Jeanne Boydston and the Nature of the World

I just learned last week that the women's historian Jeanne Boydston died from lung cancer toward the end of 2008. Jeanne was just a great person and it's a real loss not to have her. She was super-smart, warm, friendly, generous to the nth degree, and had a crackling vitality that made any encounter with her an engaging experience.

Jeanne was certainly more than generous to me. I think I had only met her once at a house party in Philadelphia, but she was more than willing to meet with me over lunch and discuss my work on artisan culture in Philadelphia. Seven years later, without meeting me again, she wrote a very nice letter supporting me for tenure.
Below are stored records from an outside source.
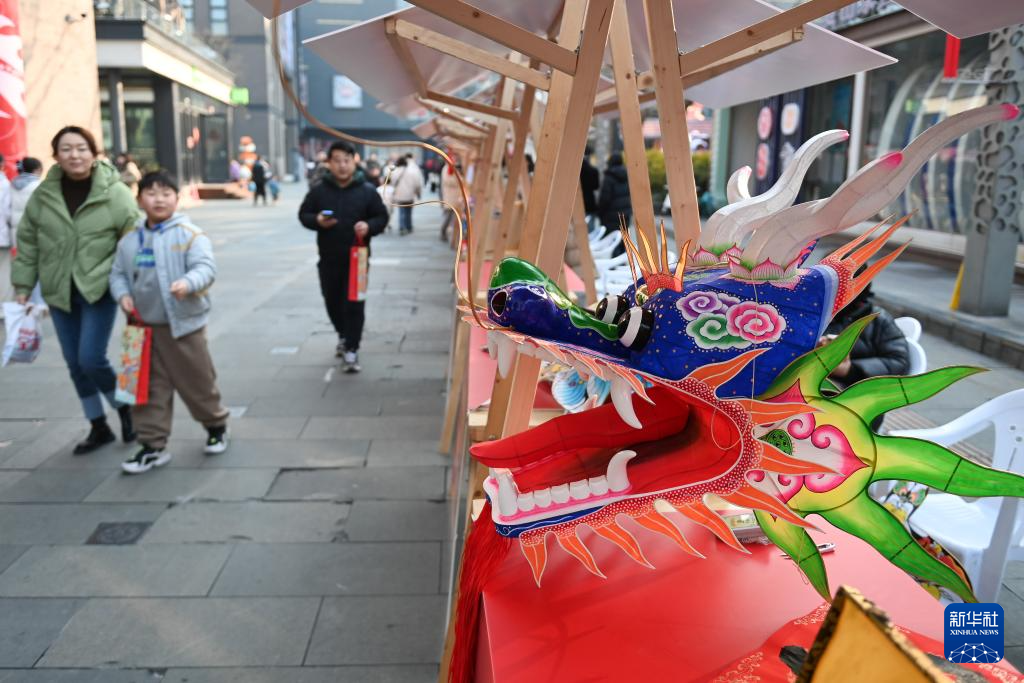 1月28日,市民在吴兴区爱山街道爱山广场的文艺市集上观看“龙头”造型风筝。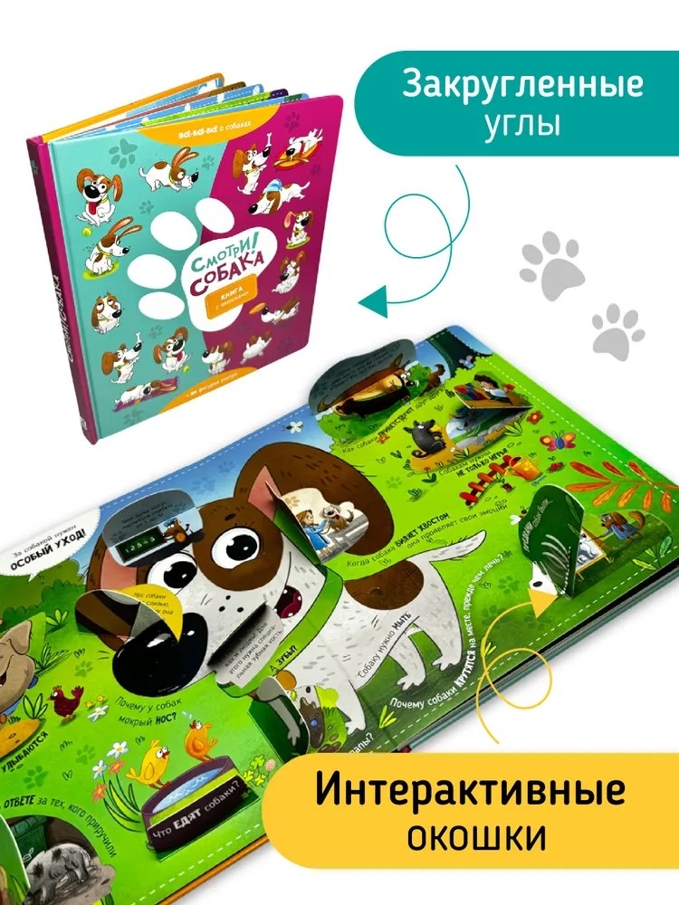 "Смотри! Собака" – интерактивная развивающая книга, которая подарит вашим детям увлекательное путешествие в мир любимых пушистиков!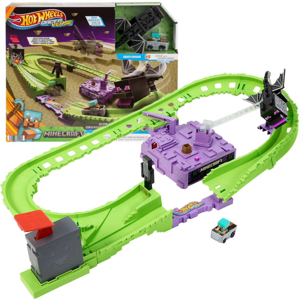 Wkrocz do finałowego, kultowego poziomu gry Minecraft wraz z Hot Wheels RacerVerse Diamond Armor Steve i pokonaj wirującego, przerażającego Ender Dragon! Nakręć wroga i wystrzel Steve'a w jego wagoniku w odpowiednim momencie, aby wykonał skok i wyścig, unikając wypadnięcia z toru. Każde ukończone okrążenie obniża pasek zdrowia wroga, a po pokonaniu go po sześciu okrążeniach Ender Dragon przewraca się.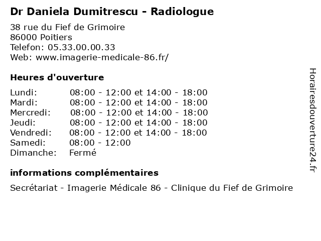 1 Dr Daniela Dumitrescu - Radiologue (Distance: 2,09 km) 1 Rue de la Providence, 86000 Poitiers daniela, diagnostique, dr, dumitrescu, imagerie, radiologie, radiologue, thérapeutique 2 Dr Daniela Dumitrescu - Radiologue (Distance: 4,33 km) 3 Rue Eugene Chevreul, 86000 Poitiers daniela, diagnostique, dr, dumitrescu, imagerie, radiologie, radiologue, thérapeutique 3 Dr Daniela Gheorghiu - Radiologue (Distance: 4,30 km) 3 Rue Eugene Chevreul, 86000 Poitiers consultation, daniela, docteur, dr, gheorghiu, med, médecin, radiologue, traitement 4 Dr Olivier Azaïs - Radiologue (Distance: 0,00 km) 38 rue du Fief de Grimoire, 86000 Poitiers azaïs, consultation, docteur, dr, med, médecin, médecine, olivier, radiologue, traitement 5 Dr Jean-Michel Charonnet - Radiologue (Distance: 0,00 km) 38 rue du Fief de Grimoire, 86000 Poitiers charonnet, consultation, docteur, dr, jean, med, michel, médecin, médecine, radiologue, traitement 6 Dr Yves David - Radiologue (Distance: 0,00 km) 38 rue du Fief de Grimoire, 86000 Poitiers consultation, david, docteur, dr, med, médecin, médecine, radiologue, traitement, yves |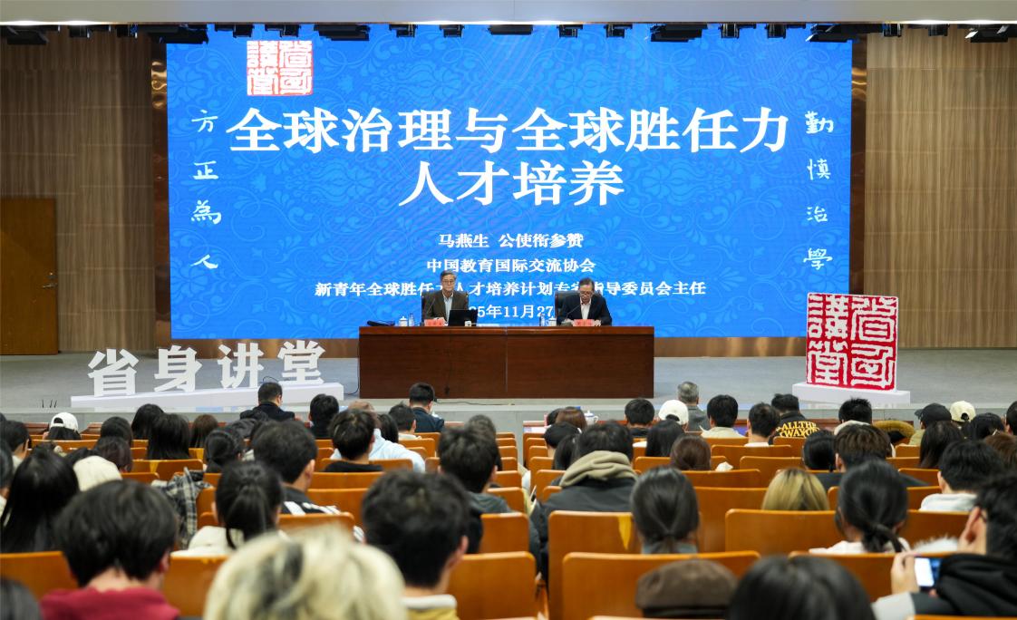11月27日,中国教育国际交流协会新青年全球胜任力人才培养计划专家指导委员会主任、中国驻法国使馆教育处原公使衔参赞马燕生应邀作客我校省身讲堂第152讲,作题为《全球治理与全球胜任力人才培养》的报告。副校长周宏伟主持报告会。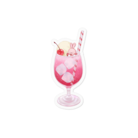うさぎさんがぷかぷかクリームソーダに浮かんでるイラストのステッカーです。
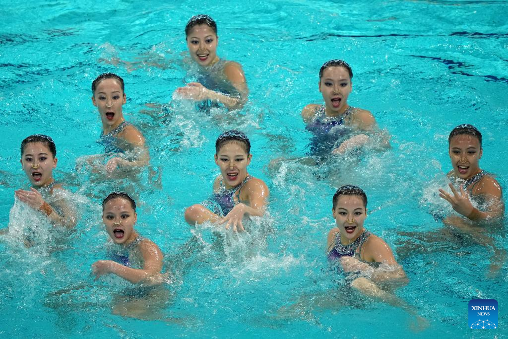 Team China perform during the team free event at the World Aquatics Artistic Swimming World Cup 2025-Super Final in Xi'an, northwest China's Shaanxi Province,June 14, 2025. (Xinhua/Zou Jingyi)
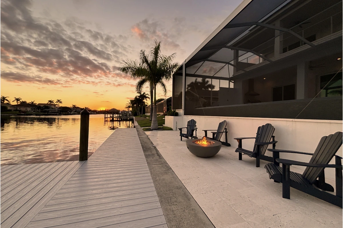 Deze nieuwbouwvilla is een designvilla met hoge eisen. Ze bevindt zich in een van de mooiste woonwijken in het zuidwesten van Cape Coral, met zuidelijke oriëntatie en uitzicht op een waterbassin. Een goede bootligging is een ander pluspunt. Vertrek direct vanaf de eigen bootsteiger met lift voor uw spannende uitstapjes. Met 360 m² woonoppervlak, verdeeld over twee verdiepingen, biedt de villa voldoende ruimte voor een droomvakantie! In totaal bevinden zich in deze villa van topklasse een grote woonkamer, vier slaapkamers, vier badkamers en voldoende ruimte ook voor twee of meer gezinnen. Door de vele binnen- en buitenruimtes vindt iedereen zijn eigen plek! Bij de bouw werden alleen hoogwaardige materialen gebruikt en ook bij de inrichting en decoratie werd het hoogwaardige design voortgezet. Het zwembadcomplex is uniek: het verwarmbare infinity-zoutwaterbad in prachtig design is een blikvanger met de waterlijn direct op pooldeckniveau. Het zwembad is groot genoeg om baantjes te trekken en de 360 graden overloop met turquoiseblauw water maakt het tot een bijzondere belevenis. Het aangrenzende, grote bubbelbad nodigt bovendien uit om te ontspannen. ’s Avonds zorgen vuurschalen voor een heel bijzondere en gezellige sfeer. Het royaal aangelegde terras met voldoende ligstoelen en loungemeubels biedt veel ruimte om te ontspannen en samen te eten aan de eettafel. Door de zuidwestelijke ligging van het zwembad kunt u lang van de zon genieten. Daarnaast staat er een buitenkeuken met BBQ-grill tot uw beschikking. Ook vanaf het balkon op de eerste verdieping heeft u een mooi uitzicht en gegarandeerd prachtige zonsondergangen!
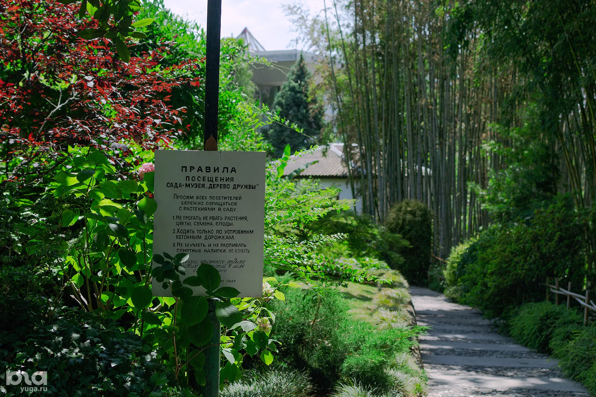 НИИ занимал огромную площадь от дендрария до Бытхи по Курортному проспекту и еще около 10 км в сторону гор. На этой территории было много всего: сады, поля, теплицы, станции, мастерские. И, конечно, сад-музей Дерева Дружбы. Парадным входом считался путь от санатория «Золотой колос», но сейчас так в сад не попасть. Слева на входе стояла будка, в ней продавались билеты и печатная продукция. Однажды я купил там комиксы сочинского художника Анатолия Кулинича, сюжет уже позабылся — что-то про перестройку и инопланетян. Жанр был редкий, заграничный, аналогом считался только журнал «Крокодил».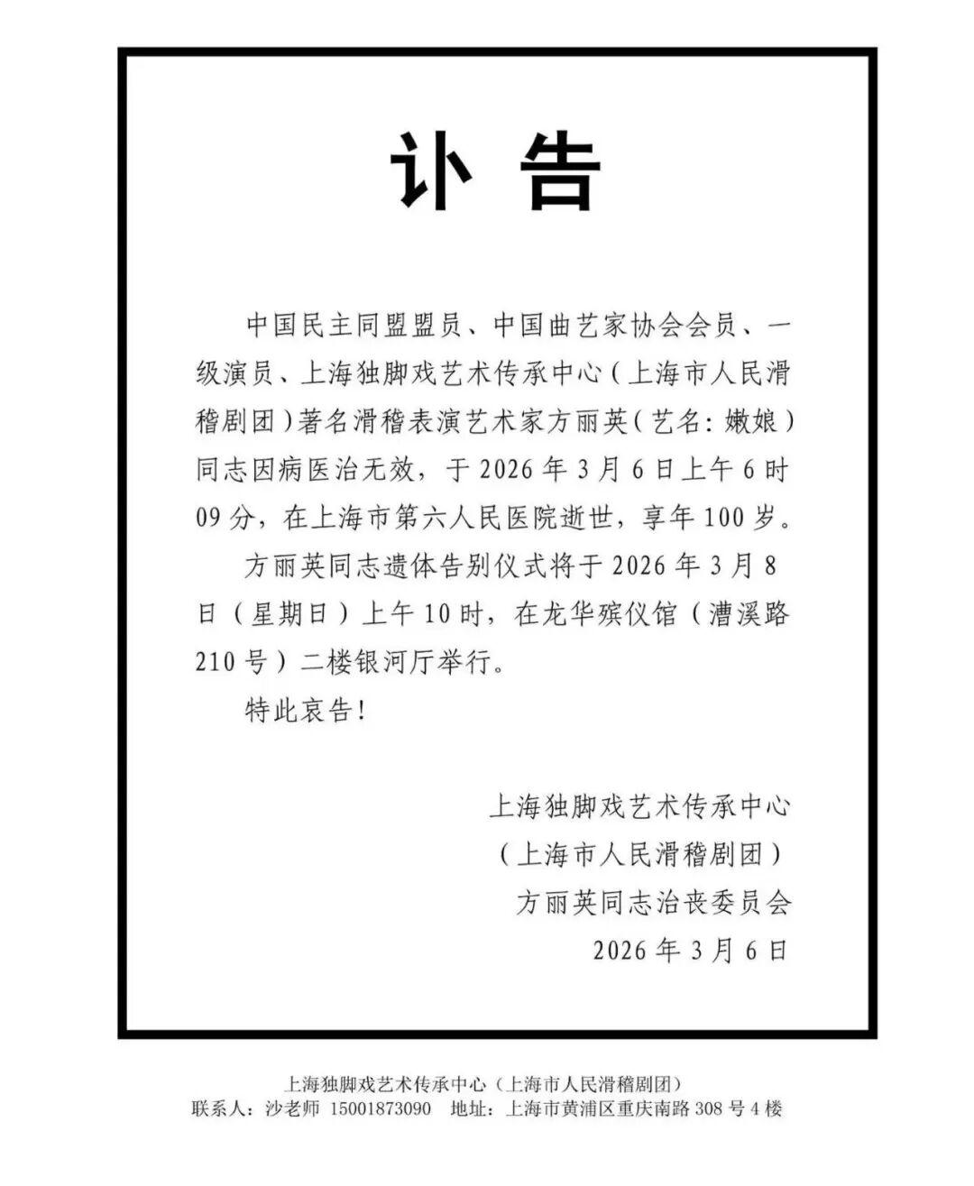 記者從上海獨角戲藝術傳承中心(上海市人民滑稽劇團)獲悉,上海觀衆熟悉的“老舅媽”、滑稽表演藝術家嫩娘於3月6日去世,享年100歲。上海主持人曹可凡在社交媒體上寫道:“一代滑稽藝術大師嫩娘老師今日以百歲高齡駕返瑤池。深切緬懷她老人家!”
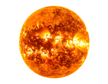 Fiery solar sphere with prominent, glowing plasma eruptions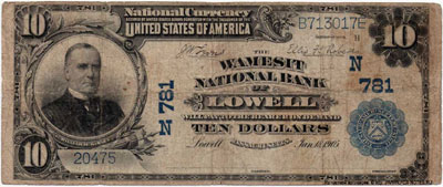 333333-The Wamesit National Bank of Lowell 10 dollars 1902-444444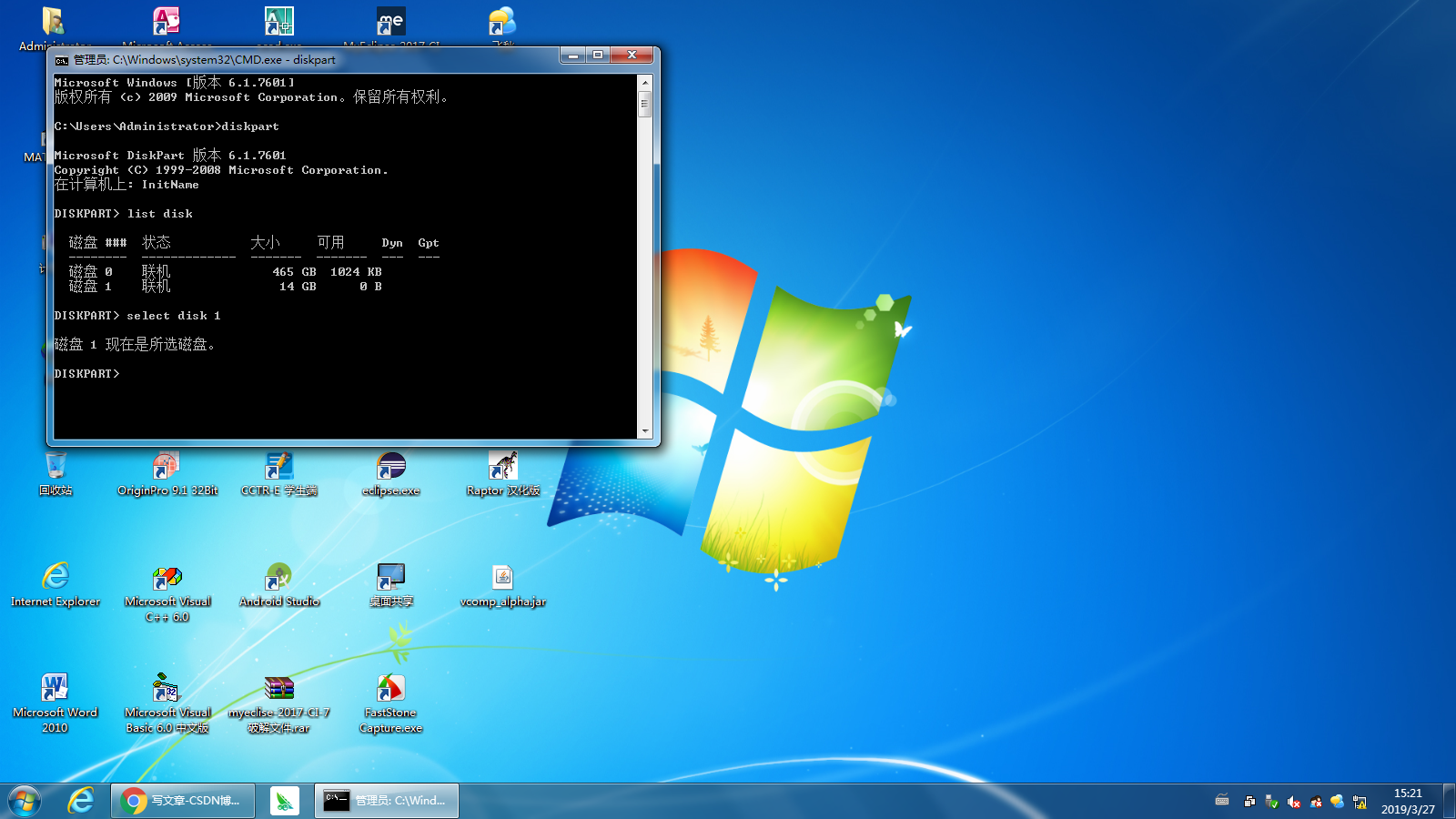 1.命令提示符里输入:diskpart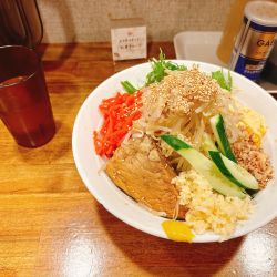 二郎系ラーメン店でも夏の風物詩があり、千里眼や用心棒の野菜モリモリガリマヨスタイルや、立川マシマシのタルタル豚バラ系などインスパイア系の冷やし中華が毎年の楽しみです☺️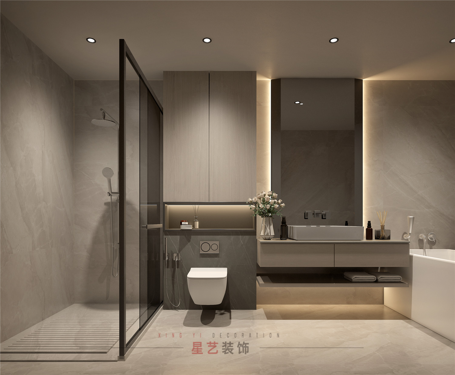 極簡線條的浴室柜更加流暢自然,筒燈與燈帶設(shè)計相結(jié)合,燈光效果別具一格。壁掛馬桶,顏值在線而且無衛(wèi)生死角,磨砂感瓷磚,壁掛浴室柜,每一件物品都是精挑細(xì)選,搭配起來氣質(zhì)和諧。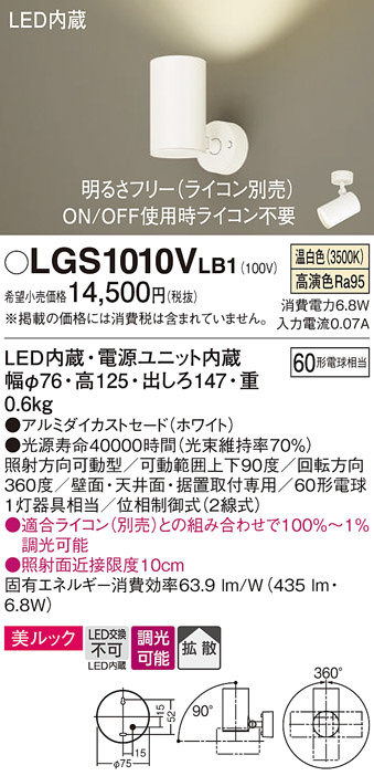 Panasonic スポットライト LGS1010VLB1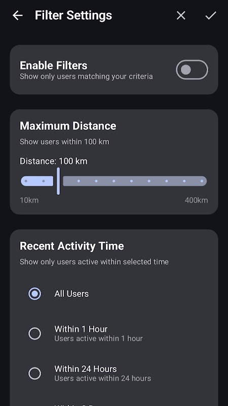 Busca de localização em tempo real: Encontre viajantes próximos a você com filtros de raio ajustáveis

Here's an excerpt from the memorium statement.

[Jeanne Boydston] was a brilliant and beloved teacher who won the Chancellor’s Distinguished Teaching Award as well as other honors for her teaching and mentorship. No listing of her scholarly work, awards, and publications can effectively measure her impact or convey the warmth with which students recall her generous guidance. In her modest way, she helped students know that their ideas had enormous value, while at the same time suggesting how they might polish the roughest ones into an elegant argument . . . Boydston loved her work, and cherished the life of the mind that scholarship and teaching, at their best, could entail.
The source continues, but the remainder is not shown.